Bristol Old Vic today announced three of the five titles that will be streamed on YouTube as part of the Bristol Arts Channel, a lockdown lifeline for audiences missing the buzz and community of Bristol’s brilliant arts scene. The Bristol Arts Channel will unveil its pilot programme next week, bringing together venues and artists from across the city to create moments of online togetherness in May and June. Founding partners include Bristol Old Vic, Watershed, Colston Hall, St Pauls Carnival, Trinity, Spike Island, St George’s Bristol, MAYK, Arnolfini, Paraorchestra & Friends and Bristol Museums with support from Bristol & Bath Creative R&D and The Space. More details on how artists and audiences can get involved will also be shared.
The programme will include streamed performances, live and archived, interactive events, carnivalesque experiments, online galleries and mini-festivals, all curated by Bristol’s cultural organisations to give audiences the pleasure and thrill of going out from the comfort of their own home. Curtain-raiser events include Colston Hall’s live-streamed music festival Bristol Takeover Online on Sat 23 May and Complicité‘s ground-breaking show The Encounter.
Bristol Old Vic’s season will form a part of Bristol Old Vic’s At Home offer, launched in April and designed to maintain the theatre’s close connection to its audiences, artists and city.
Bristol Old Vic’s pilot season will include Messiah, A Monster Calls and The Grinning Man, with two more titles announced shortly. Each production will preview on Friday evenings at 7pm and will be available through Bristol Old Vic’s website free of charge for a week.
Performances will feature additional material in order to make the experience closer to ‘going out’ while actually being at home.
Tom Morris said today, “Watching theatre on your screen at home is not the same as experiencing a play in a beautiful auditorium with hundreds of others. That is why our ambition for this pilot season is not only to make some of Bristol’s most-loved plays accessible to a wider audience, but also to give people a little taste of the magic they may experience when they step into our theatre on King Street, from arriving at the bar to taking your seat as the lights go down.

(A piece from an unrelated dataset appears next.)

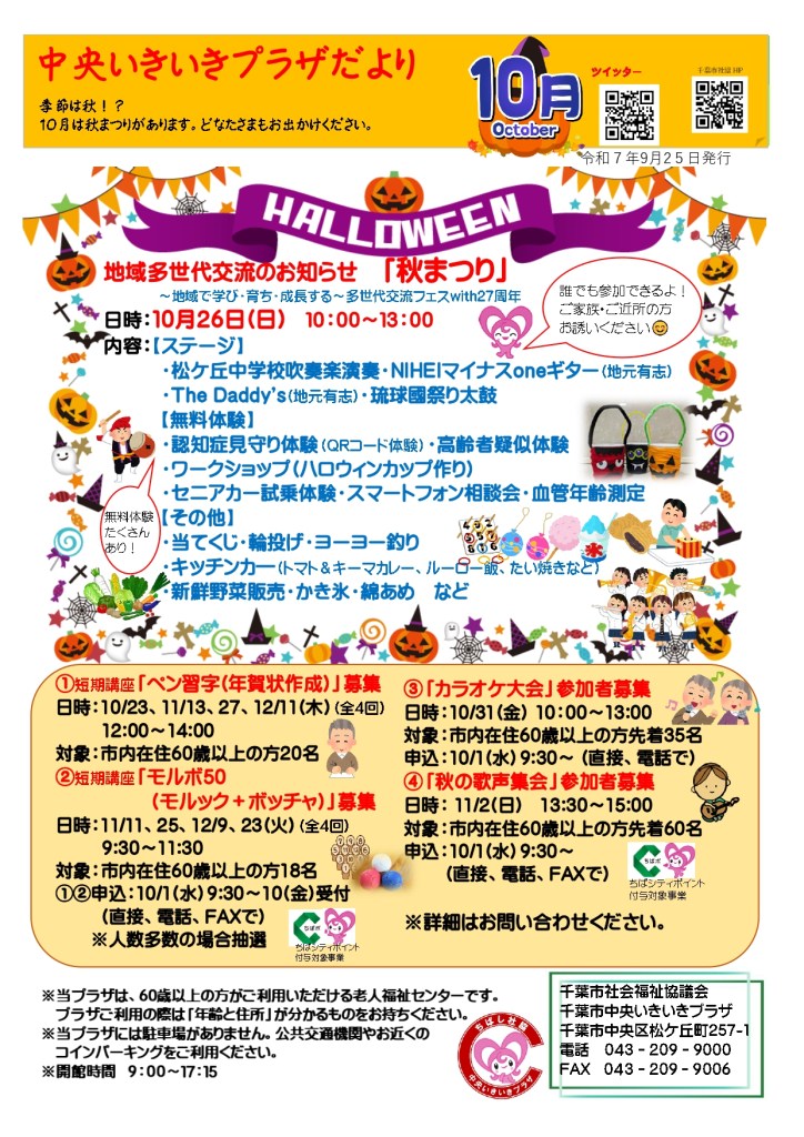 千葉中央いきいきプラザ 中央いきいきプラザだより~10月号~ Date: 2025年9月25日Author: 事務局 0 コメント 共有: X で共有 (新しいウィンドウで開きます) X Facebook で共有 (新しいウィンドウで開きます) Facebook いいね 読み込み中… 関連

It’s that transformational feeling of surprise and delight that we want to share and celebrate.”
From Fri 29 May, Bristol Old Vic will present the cinema capture of its critically acclaimed 2017 production of Handel’s Messiah. The dramatised production was staged by Bristol Old Vic’s Tony Award-winning Artistic Director Tom Morris, with design by Anna Orton (King Lear, Extraordinary Wall of Silence). It features internationally renowned soloists Catherine Wyn Rogers and Julia Doyle, The Erebus Ensemble (Songs of Hope) and Europe’s most celebrated Baroque orchestra, The English Concert, under the revered baton of Conductor Harry Bicket. Jamie Beddard (The Elephant Man) performs the central non-speaking role of The Beloved.

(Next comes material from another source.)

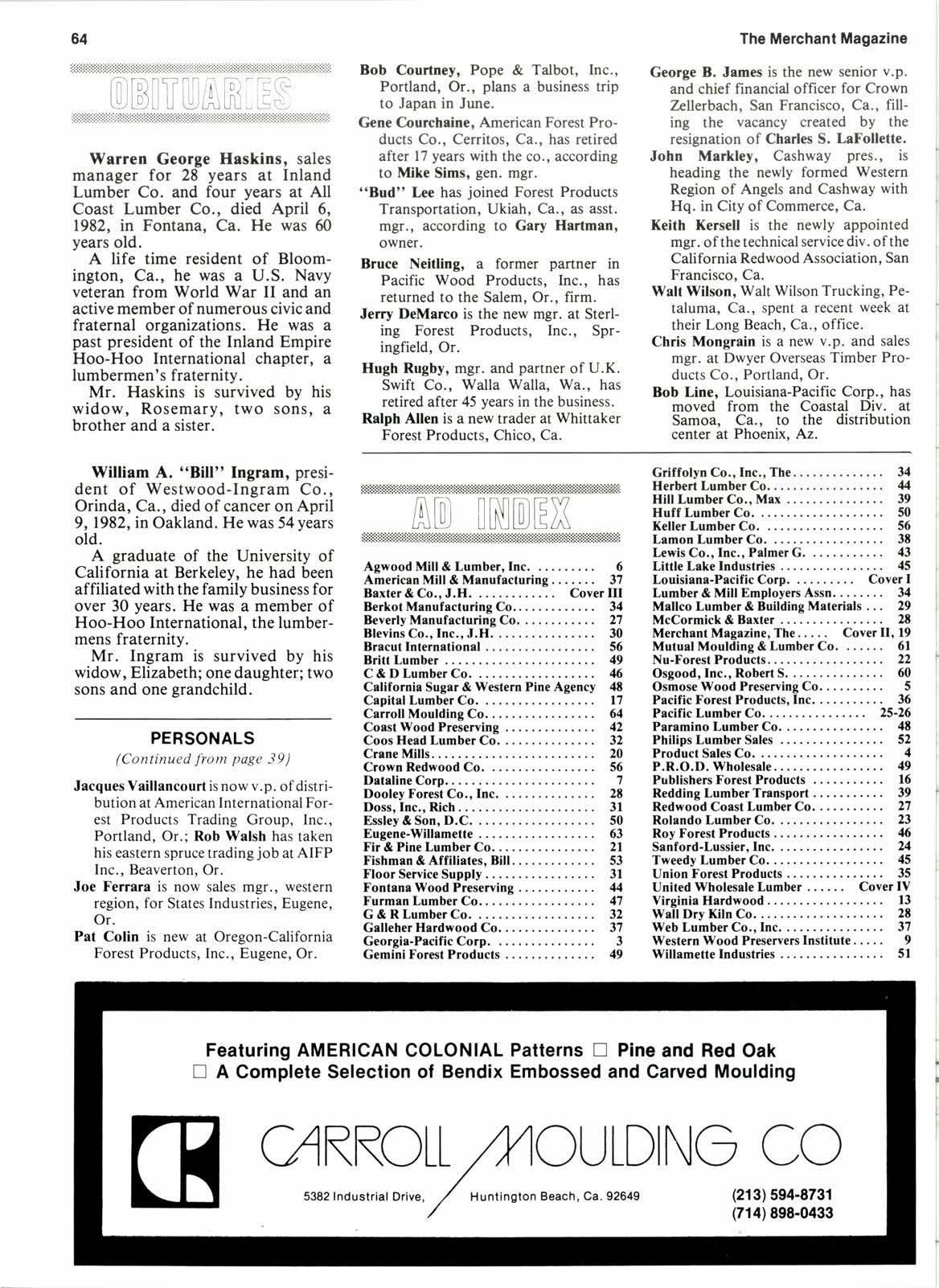 NNDEX AgwoodMill&Lumber,Inc. .,....... 6 AmericanMill&Manufacturing...,... 37 Baxter&Co..J.H..... CoverIIIBerkotManufacturingCo.. 34 Beverly Manufacturing Co. 27 Blevins Co., Inc., J.H. 30 Brrcutlnternrtional.. 56 Britt Lumber 49 C&DlumberCo...... 6 California Sugar & Western Pine Agency .fE Capital Lumber Co. . 17 Carroll Moulding Co. . 64 Coast Wood Preserving 42 CoosHeadlumberCo.. 32 CraneMills. ......... 20 CrownRedwoodCo... 56 Dataline Corp. 7 DooleyForestCo., Inc. 2t Doss, Inc., Rich. . 3f Essley&Son,D.C... 50 Eugene-Willamette .. 63 Fir & Pine Lumber Co. 2l Fishman & Affillates, Bill. 53 Floor Seivice Supply. . 3l Fontana Wood Preserving 44 Furman Lumber Co.. 41 G&RlunberCo...... 32 Galleher Hardwood Co. 31 Georgia-Pacific Corp. , 3 Gemini Forest Products 49 Featuring AMERICAN COLONIAL Patterns n Pine and Red Oak n A Complete Selection of Bendix Embossed and Carved Moulding C,4RROLL ULDING CO (213) 594-8731 (714) 898-0433 5382 Industrial Drive, Ca. 92649

On Fri 7 Jun, Bristol Old Vic will co-present the Olivier Award-winning Old Vic production of A Monster Calls, created in association with Bristol Old Vic, Jonathan Church Productions and Global Creatures. Based on the bestselling novel by Patrick Ness and inspired by an original idea from Siobhan Dowd, the stage adaptation directed by Sally Cookson (Jane Eyre, Peter Pan) was captured featuring the original cast on camera at the Old Vic in August 2018. The play centres on thirteen-year-old Conor who is visited by a monster who has come to tell him tales from when it walked before, offering a dazzling insight into love, life and healing.
To finish off its first At Home season, on Fri 26 Jun, Bristol Old Vic will stream the trailblazing musical from Artistic Director Tom Morris, The Grinning Man. Following a triumphant premiere as part of the Theatre’s 250th Anniversary Season, the show went on to play in London’s West End in 2017 where it garnered a cult-following across the globe. Based on Victor Hugo’s The Man Who Laughs, the macabre musical tells the story of Grinpayne, a fairground act with a hideous smile, who is helped by an old man, a lone wolf and a blind girl as he journeys to share his terrible secret with the world. Brought to life by writer Carl Grose (Dead Dog in a Suitcase) and “powered by an outstanding score” (The Sunday Times) from Tim Phillips and Marc Teitler, the production features puppetry from Gyre & Gimble, the original puppeteers of War Horse. Bristol Old Vic hopes that this blackly comic conclusion to the season will prove that laughter really is the best medicine.
In the interim, ahead of the premiere of Messiah, Bristol Old Vic will be broadcasting Complicité’s The Encounter, a solo performance by Simon McBurney which was last seen on the Bristol Old Vic stage in 2017. Inspired by National Geographic photographer Loren McIntyre, who, in 1969, became lost in a remote part of the Brazilian rainforest, The Encouter incorporates ground-breaking binaural sound design to question our perceptions of time and our own consciousness. Audiences will be able to tune into the performance from Fri 15 May at 7pm from the Bristol Old Vic website.